Shortly after arriving at Baylor Law, Serr worked with several students to start a Sunday night basketball league, a law school institution that lasted nearly 20 years. He competed against “20-somethings” in that league for, well . . . way too long. As his basketball skills diminished, his need for competition was fulfilled by an active appellate practice. Professor Serr has briefed and orally argued cases in both the United States Supreme Court and the United States Court of Appeals for the Fifth Circuit. He won a decade-long civil rights case involving police brutality, a case that established important precedents in the area of municipal liability for the improper hiring and/or inadequate training of police officers.
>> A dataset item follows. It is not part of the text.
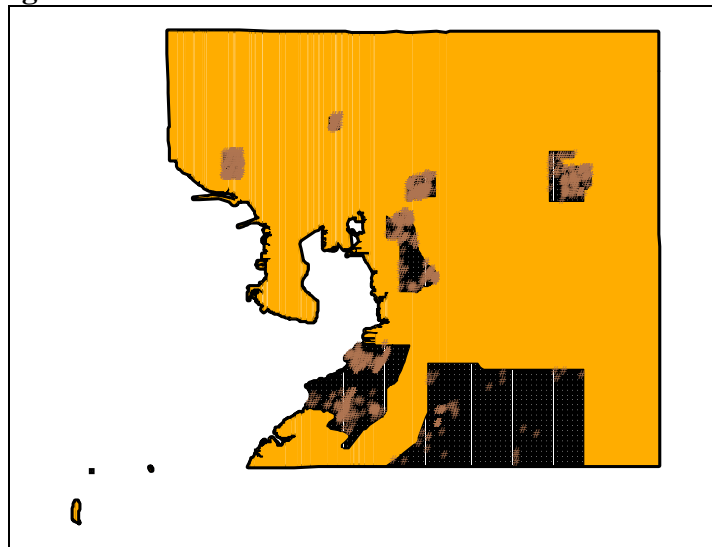
Figure B2 – Benchmark Area Business Establishments

In addition to employment and wage data, the EQUI database also classifies businesses by their NAICS code. Table B1 is the inventory of business establishments within the CDBG benchmark area by NAICS. 2 NAICS is the acronym for North American Industrial Classification System, which replaced the Standard Industrial Classification (SIC) code developed by the government to classify industries. NAICS codes range in detail from 2-digit sectors (such as 52 - Finance and Insurance) to 6-digit industries (such as 524210 - Insurance Agencies and Brokerages).
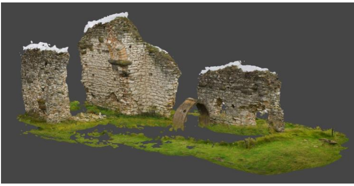
Ruins of Calceby church

Three times he has been asked to represent The Conference of Chief Justices (composed of the Chief Justices of all 50 states) in United States Supreme Court cases. His work on one of those cases, which ended with the Supreme Court upholding the constitutionality of the states' primary funding vehicle for providing legal services for the poor, earned Serr one of the American Bar Association's top pro bono awards. He has worked on constitutional issues for a diverse array of clients, including federal agents injured in the fateful raid on the Branch Davidian compound, a murder defendant in a federal capital prosecution, and the American Football Coaches' Association.